• [Directions for this task]: From the listing below, give again exactly the lines from the line with "68,3% украинцев считают, что" to the line with "Blaskapelle des Jakob", ends included, without any pictures.

• [Source information]:

══════

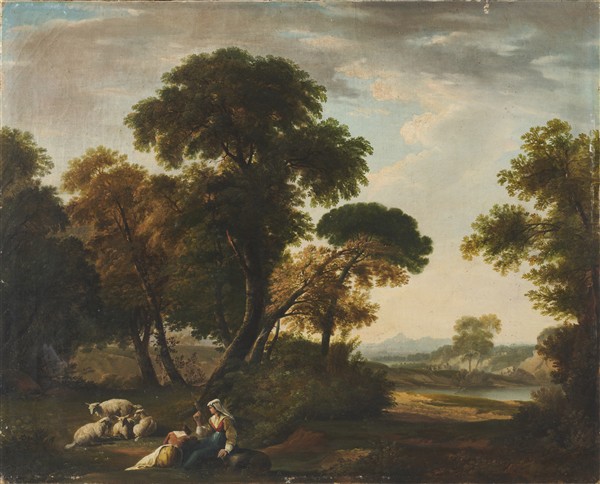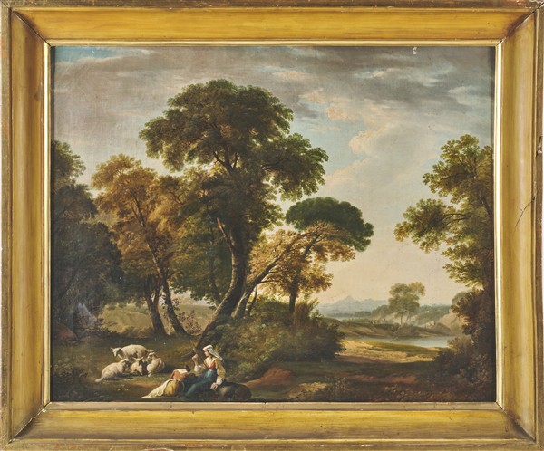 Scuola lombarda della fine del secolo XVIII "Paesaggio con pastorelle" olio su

══════

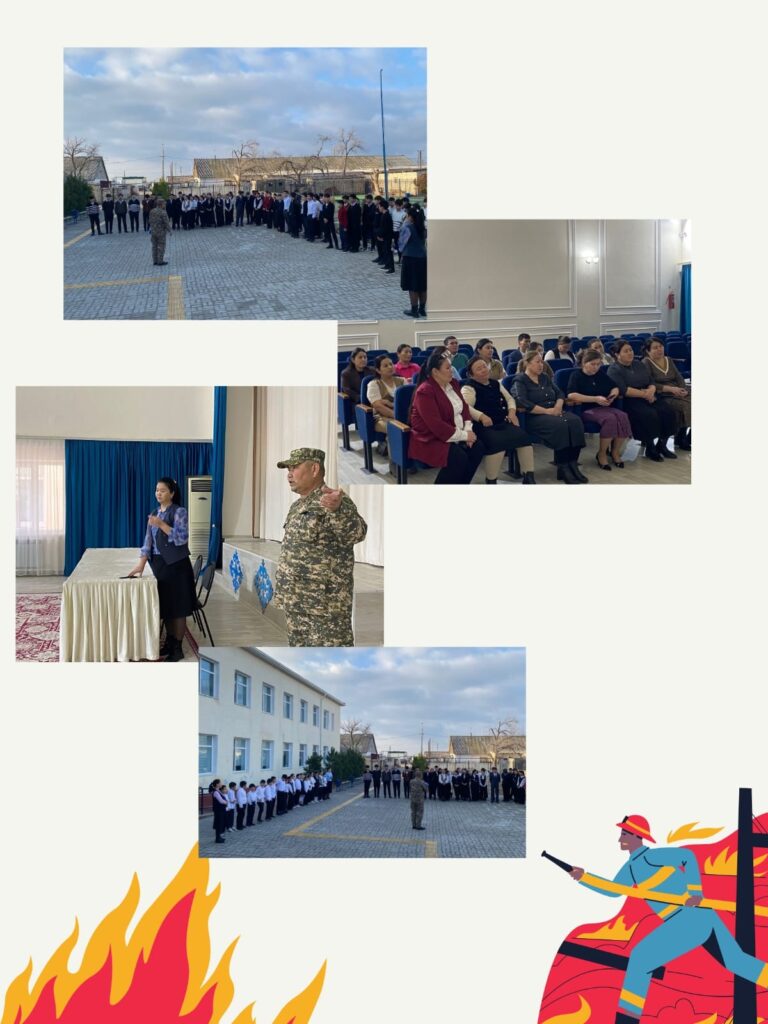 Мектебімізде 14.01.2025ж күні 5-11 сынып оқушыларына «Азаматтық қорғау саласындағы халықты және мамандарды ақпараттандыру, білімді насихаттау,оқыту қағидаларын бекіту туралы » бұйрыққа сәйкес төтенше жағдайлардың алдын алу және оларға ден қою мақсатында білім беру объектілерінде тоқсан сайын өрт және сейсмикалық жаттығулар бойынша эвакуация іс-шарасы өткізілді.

══════

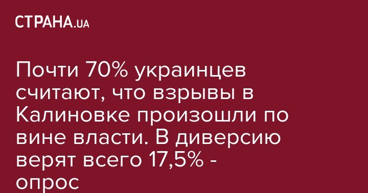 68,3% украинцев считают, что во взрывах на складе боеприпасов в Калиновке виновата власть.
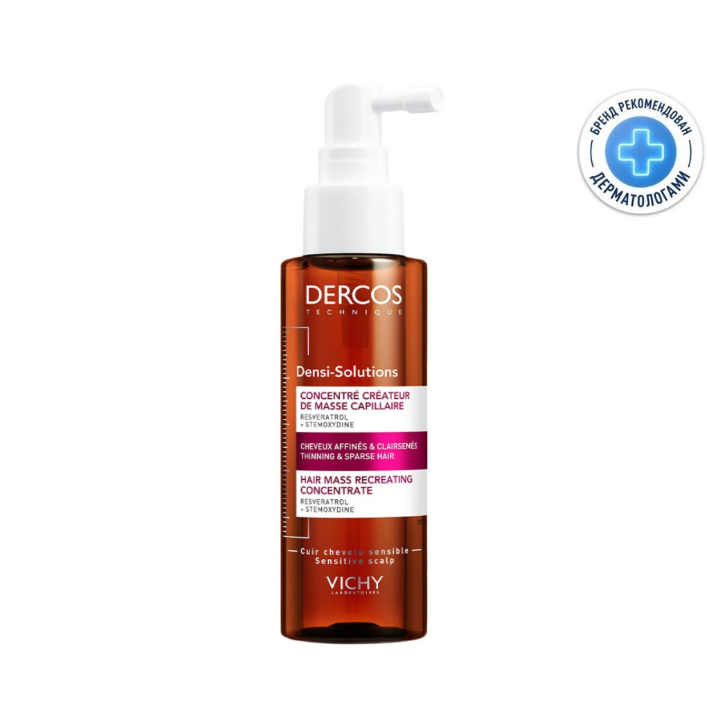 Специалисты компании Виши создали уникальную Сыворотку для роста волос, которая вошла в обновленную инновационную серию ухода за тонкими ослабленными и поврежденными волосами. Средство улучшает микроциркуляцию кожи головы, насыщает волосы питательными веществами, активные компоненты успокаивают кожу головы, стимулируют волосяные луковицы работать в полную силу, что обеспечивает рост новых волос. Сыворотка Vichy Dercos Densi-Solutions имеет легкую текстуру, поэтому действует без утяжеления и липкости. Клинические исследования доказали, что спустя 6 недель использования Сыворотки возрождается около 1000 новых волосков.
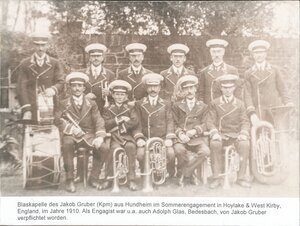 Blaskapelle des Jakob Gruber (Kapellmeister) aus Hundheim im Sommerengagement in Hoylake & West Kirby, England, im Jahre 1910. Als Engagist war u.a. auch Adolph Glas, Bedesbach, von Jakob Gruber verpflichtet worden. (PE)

══════

• [Solution]:
 68,3% украинцев считают, что во взрывах на складе боеприпасов в Калиновке виновата власть.
 Специалисты компании Виши создали уникальную Сыворотку для роста волос, которая вошла в обновленную инновационную серию ухода за тонкими ослабленными и поврежденными волосами. Средство улучшает микроциркуляцию кожи головы, насыщает волосы питательными веществами, активные компоненты успокаивают кожу головы, стимулируют волосяные луковицы работать в полную силу, что обеспечивает рост новых волос. Сыворотка Vichy Dercos Densi-Solutions имеет легкую текстуру, поэтому действует без утяжеления и липкости. Клинические исследования доказали, что спустя 6 недель использования Сыворотки возрождается около 1000 новых волосков.
 Blaskapelle des Jakob Gruber (Kapellmeister) aus Hundheim im Sommerengagement in Hoylake & West Kirby, England, im Jahre 1910. Als Engagist war u.a. auch Adolph Glas, Bedesbach, von Jakob Gruber verpflichtet worden. (PE)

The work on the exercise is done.